Several months ago I read a novel entitled The DaVinci Code. It was a good read, if a bit far-fetched, but then this was fiction, or so I thought. Only later did I learn the book’s author considered the plot historically plausible.

Recently, ABC presented a news special entitled, “Jesus, Mary and DaVinci.” Correspondent Elizabeth Vargas examined the premise of The DaVinci Code, namely, that Jesus was married to Mary Magdalene and fathered a child. Supposedly, a corrupt church suppressed this knowledge, but the story of Jesus’ “royal bloodline” was kept alive by a secret society that numbered Leonardo DaVinci among its members.

The DaVinci theorists do cite some interesting facts: (1) It was highly unusual for a Jewish rabbi like Jesus to be unmarried in the first century.

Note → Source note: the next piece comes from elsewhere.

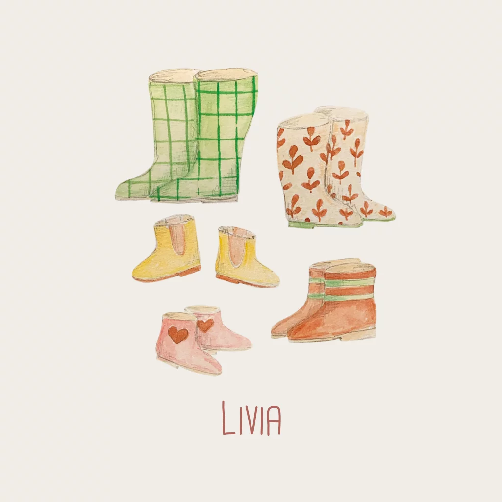 geboortekaartje met regenlaarsjes. Leuk voor de herfst of het voorjaar. Pas het kaartje eenvoudig zelf aan naar wens in de editor.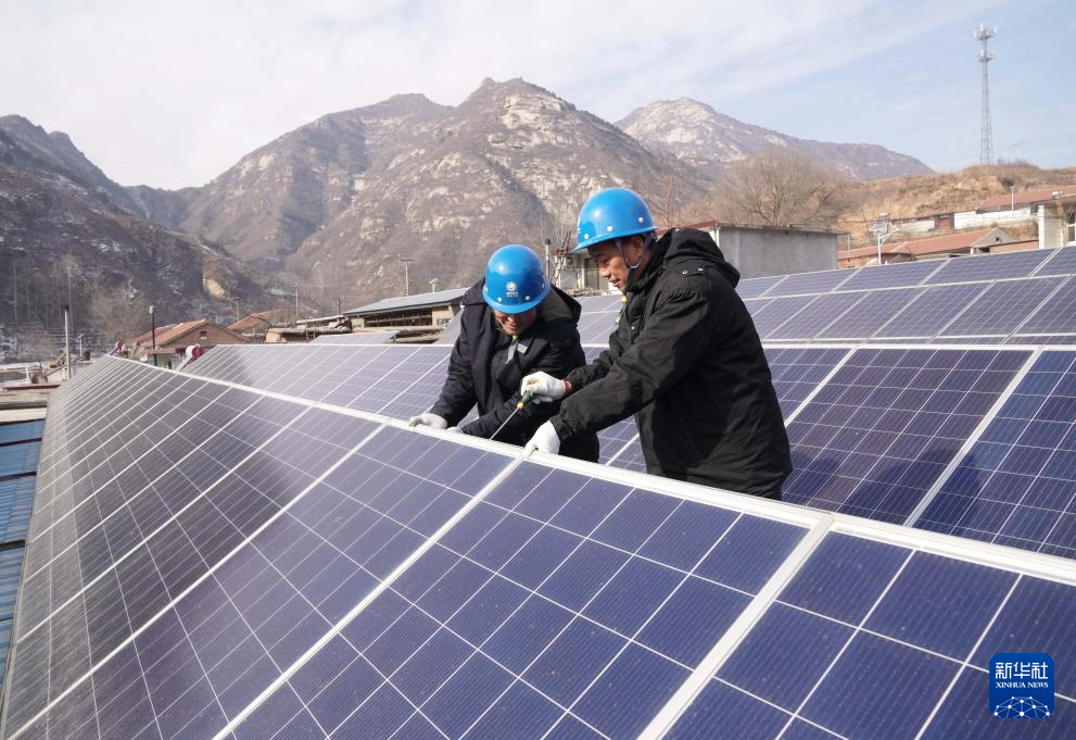 1月14日,国网石家庄供电公司的工人在石家庄市平山县小觉镇检修一农户房屋顶上的光伏发电板。

True enough. (2) The “beloved disciple” in DaVinci’s masterpiece, “The Last Supper,” is quite feminine in appearance. I’m no expert on the appearance of youthful Renaissance men, such as DaVinci’s model for the painting, but I’ll concede the point. (3) The “woman” in the painting is Jesus’ wife, Mary Magdalene, a clue DaVinci left to reveal Jesus was married to his foremost disciple. It’s here I start to smile. Surely, someone is pulling my leg.

Had Jesus been married, the Gospels would have almost certainly noted this fact. Why? Because it was highly unusual for a young Jewish man in Jesus’ day to be unmarried. Biblical scholars speak of the “embarrassment factor” when sifting out historical fact from theological reflection in the Gospels. If something the church might find embarrassing appears in the Gospels, one can bet this is historical fact.

Otherwise, the Evangelists would have omitted the troublesome information. For example, Jesus’ singleness in a society where marriage was the norm no doubt raised eyebrows. Public relations would have been much easier were he married. Why, then, don’t the Gospels tell us Jesus was married? For one simple reason: He wasn’t.

The other major premise of The DaVinci Code is that Mary Magdalene’s preeminence as one of Jesus’ foremost disciples was suppressed by the church. There is some truth to this charge, if one is talking about the second, third or fourth centuries. However, in the New Testament proper, Magdalene’s importance is undisputed.

According to John’s Gospel, she is the first witness to Jesus’ resurrection—in a culture where a woman’s testimony was not admissible in court. That Jesus christened a woman, Mary Magdalene, as the first herald of his Easter triumph speaks volumes. If the church of the New Testament period was trying to silence that epoch-making event, it failed miserably.

The DaVinci Code is a fair read at the level of fiction. However, the notion that the New Testament failed in presenting the facts about Jesus, but for a $19.95 purchase of The DaVinci Code one can know the truth, strains belief. Such a claim makes for good marketing but bad theology.

Bob Setzer Jr. is pastor of First Baptist Church, Macon, Ga.